─── Records to use
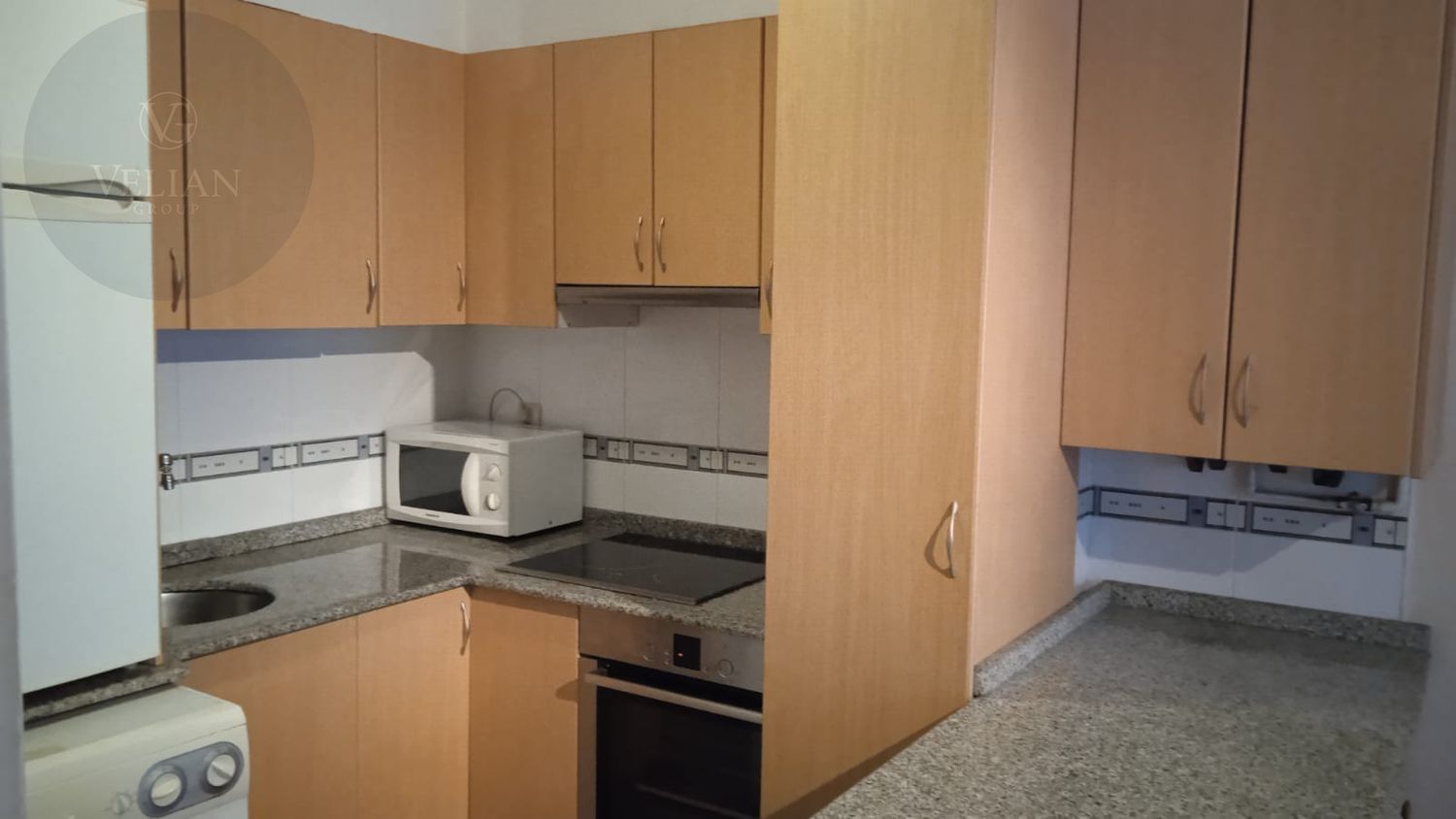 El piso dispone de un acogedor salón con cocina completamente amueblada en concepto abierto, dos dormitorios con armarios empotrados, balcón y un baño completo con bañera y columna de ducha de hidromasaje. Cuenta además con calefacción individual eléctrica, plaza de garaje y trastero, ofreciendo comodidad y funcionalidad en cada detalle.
──────
─── Records to use
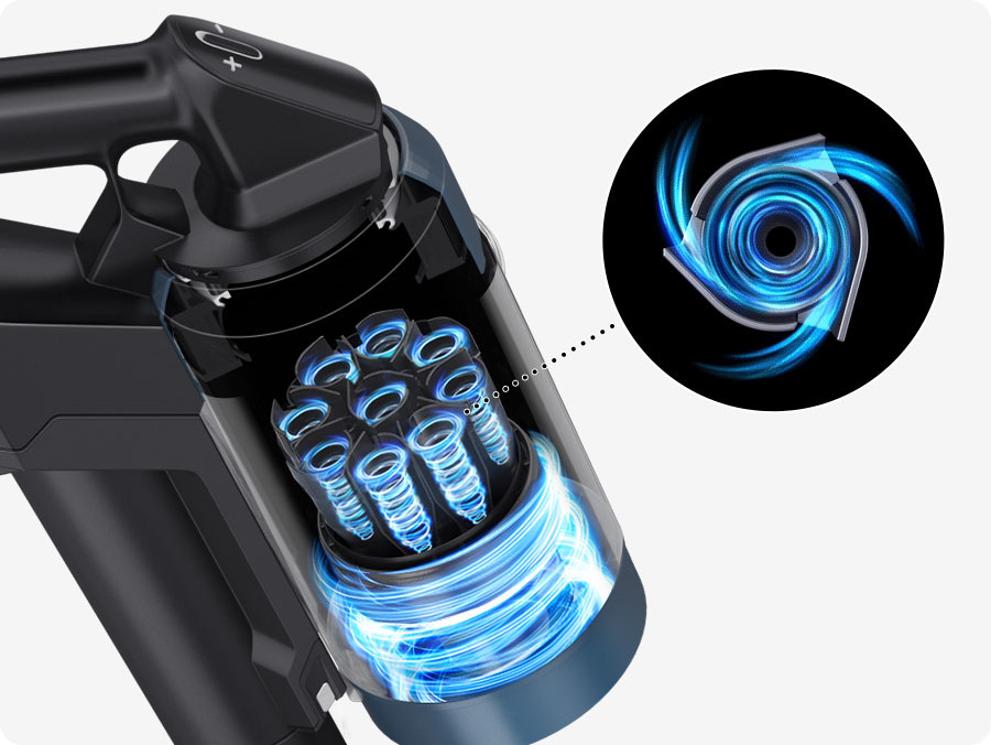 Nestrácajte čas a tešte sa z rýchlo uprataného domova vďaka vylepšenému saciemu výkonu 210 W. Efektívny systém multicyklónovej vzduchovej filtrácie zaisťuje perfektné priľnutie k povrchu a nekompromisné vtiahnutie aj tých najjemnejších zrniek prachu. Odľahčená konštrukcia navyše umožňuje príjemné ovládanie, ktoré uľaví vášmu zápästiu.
──────
─── Records to use
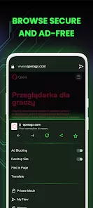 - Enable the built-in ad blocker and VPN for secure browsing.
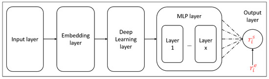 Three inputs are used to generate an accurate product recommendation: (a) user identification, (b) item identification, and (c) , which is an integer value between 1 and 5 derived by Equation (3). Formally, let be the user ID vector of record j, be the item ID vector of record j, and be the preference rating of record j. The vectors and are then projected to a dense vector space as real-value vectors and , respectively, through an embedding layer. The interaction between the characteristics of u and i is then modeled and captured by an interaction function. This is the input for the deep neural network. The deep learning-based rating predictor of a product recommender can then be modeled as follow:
──────
• Problem: From the records above, output only the lines starting at the one containing "- Enable the" and ending at the one containing "Three inputs are", word for word. Pictures stay out.

• Response below:
 - Enable the built-in ad blocker and VPN for secure browsing.
 Three inputs are used to generate an accurate product recommendation: (a) user identification, (b) item identification, and (c) , which is an integer value between 1 and 5 derived by Equation (3). Formally, let be the user ID vector of record j, be the item ID vector of record j, and be the preference rating of record j. The vectors and are then projected to a dense vector space as real-value vectors and , respectively, through an embedding layer. The interaction between the characteristics of u and i is then modeled and captured by an interaction function. This is the input for the deep neural network. The deep learning-based rating predictor of a product recommender can then be modeled as follow:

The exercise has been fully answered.